The 'scrappage' of a vehicle could be interpreted as complete removal from the system and never ending up on the roads again. But this doesn't indicate destruction by crushing. The car almost certainly will end up on a road somewhere: the 'scrapped' = 'traded' car (for £2000) would be sold on into the used vehicle business. This removes the requirement for a private seller of the 'old' vehicle to organise its sale before buying new.

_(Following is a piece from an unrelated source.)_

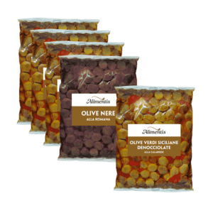 Selected black olives, pitted, in brine. Tasty and crunchy. Suggestions for use: for filling pizza, for the preparation of appetizers, aperitifs, savoury snacks, to finish salads and cold dishes or as an ingredient for the preparation of sauces, meats.

  • This is similar in principle to the insurance write-off. From the insurers' point of view the repair cost being more than 50% of the car trade-in value, it doesn't make economical sense to effect repairs. It will not necessarily be destroyed by crushing (that should depend on the extent of the damage), but may be sold onto a business at a price that does make it economical to repair and then resell.
This could, in theory, be revealed during the car checks made on a second-hand vehicle before purchase, but that will depend on whether the 'written-off' status has been declared. Only the legal ownership tracking and any outstanding finance or pending prosecutions would be returned. After all, the 'written-off' status is only a commercial decision to declare the vehicle a 'write-off' and doesn't mean that a vehicle is absolutely unroadworthy or that such a declaration must be made. The full vehicle service history is critical to ascertain reliable tracking from new and any break in the history could be that window through which a technical write-off reappeared on a used-car forecourt. If a vehicle does not have a full history then caution should be exercised.

This is no guarantee of a
vehicle's true history

The absolute continuity of history could never be known for an unknown vehicle. The more cars that appear in the used-car trade, and many are bought at auction, the possibility of buying a suspect vehicle increases.